After the court moved back to Chateau de Saint-Etienne, Jean's health started to deteriorate. He had caught a rare and violent strain of Typhus that turned the skin white. There were many attempts to stop the illness, none were successful. On July 6th, early in the morning, Jean collapsed in his daughter Henriette's room. The Duchesse had been on a hunting trip with her friend, Marie Therese. Henriette had called for the guards to take him out of her room and into his chambers. Doctors were called to examine him, finding that he had little time to live. The court was called to the bedside of the Duc. Even the Regent attended this grewsome end to his life. Only one of his children was at his bedside at his death, Henriette Marie. Jean wrote his will on his deathbed, leaving many of his belongings to his family. Henriette stayed with her Father until his death, sobbing hysterically, until her Grandmother told her she must leave the room. Madame la Duchesse did not find out about the death of her husband until she returned from her hunting trip with Madame Therese.

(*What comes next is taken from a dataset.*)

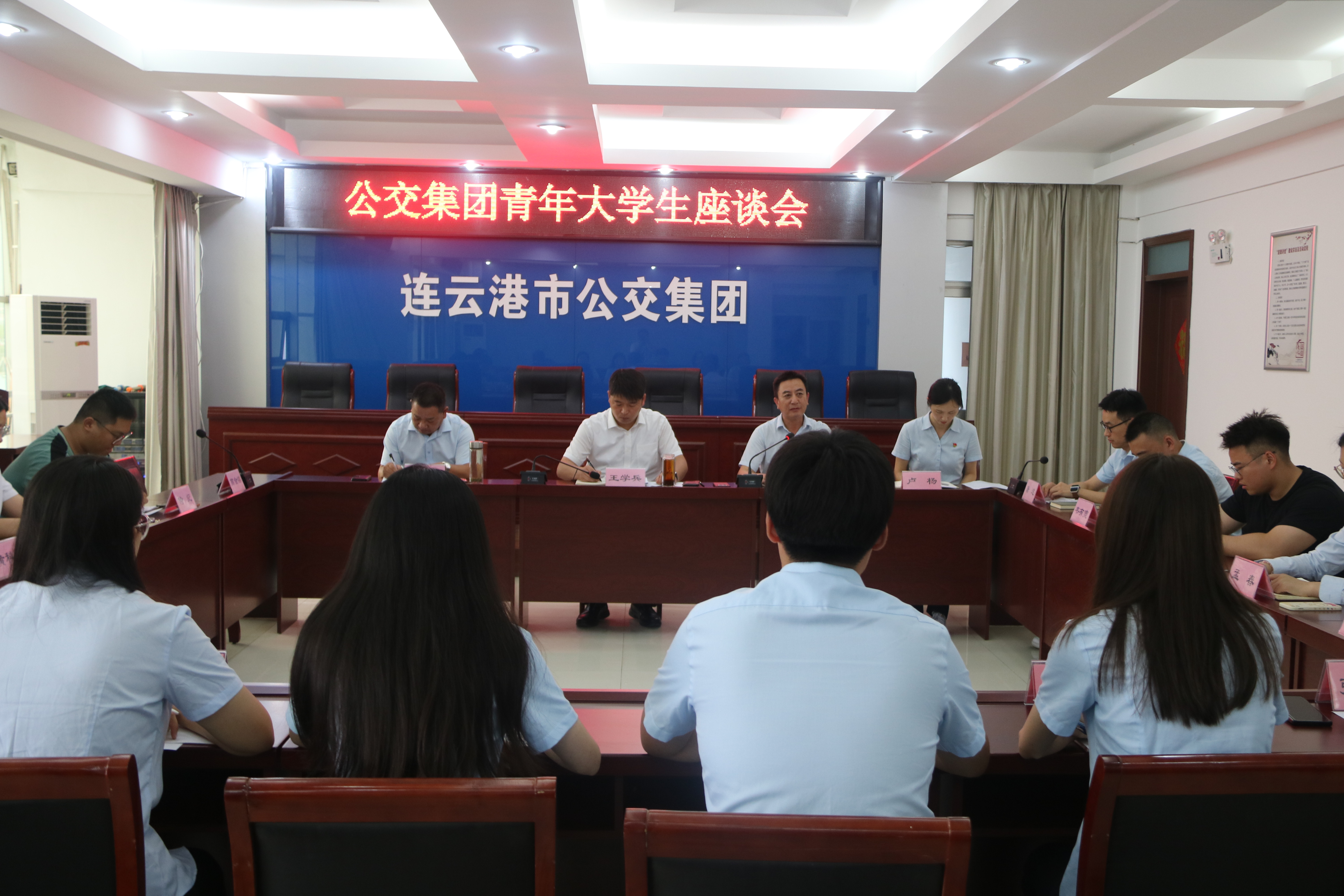 王学兵结合大家的发言发表感触,他指出,要充分认识加强青年人才队伍建设的重要性,源源不断地培养造就大批的优秀青年人才,事关公共交通事业的发展,事关党的事业的薪火相传,青年人才是建设的中坚力量,青年人才是公交事业的继承者。他对参会大学生们提出几点要求:一是看在远处,加强职业规划,给自己设定短期、中期、长期目标,脚踏实地,一步一步实现,不断增强自己的成就感和动力。二是站在高处,坚定理想信念,核心是坚持党的领导,始终将自己的思想和行动统一到党的决策和部署上来,端正品行,低调做人,高调做事。三是干在实处,练就干事创业的本领,要有奋发有为的精神,奔腾不息的活力,善于创新,敢于碰硬,用脚踏实地和埋头苦干的精神实现跨越发展。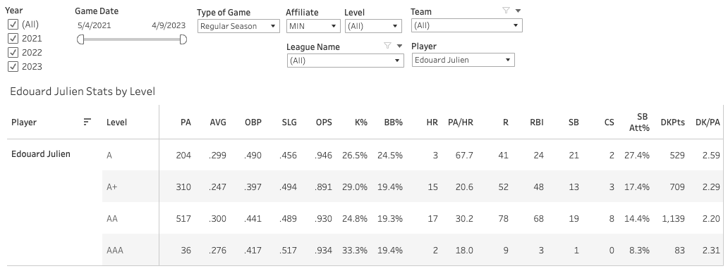Some baseball fans on Twitter treat their team’s top prospects like they are their own children. I have learned this the hard way as the midwest mob has come after me for my criticisms of Jordan Walker, and now of Edouard Julien. The Twins prospect is getting the call-up after Joey Gallo has hit the IL.

Jean-Claude, the Duc d'Orleans, was buried in the Chateau de Vincennes in the Necropolis Wing alongside his daughter Jeanne and her family.
To his marriage with Élisabeth Josephine he had four legitimate children, with their styles at the time of their birth;
- Marie-Louise Antoinette, Comtesse de Toulouse (1727 - 1749)
- Louis Charles, Petit Seigneur (1729 - 1743)
- Henriette Marie, Duchesse de Anonde (1730 - 1747)
- Jeanne Sophie, Comtesse de Treves (1731 - 1756)
Unlike his grandfather and great-grandfather, Jean had no illegitimate children proclaimed.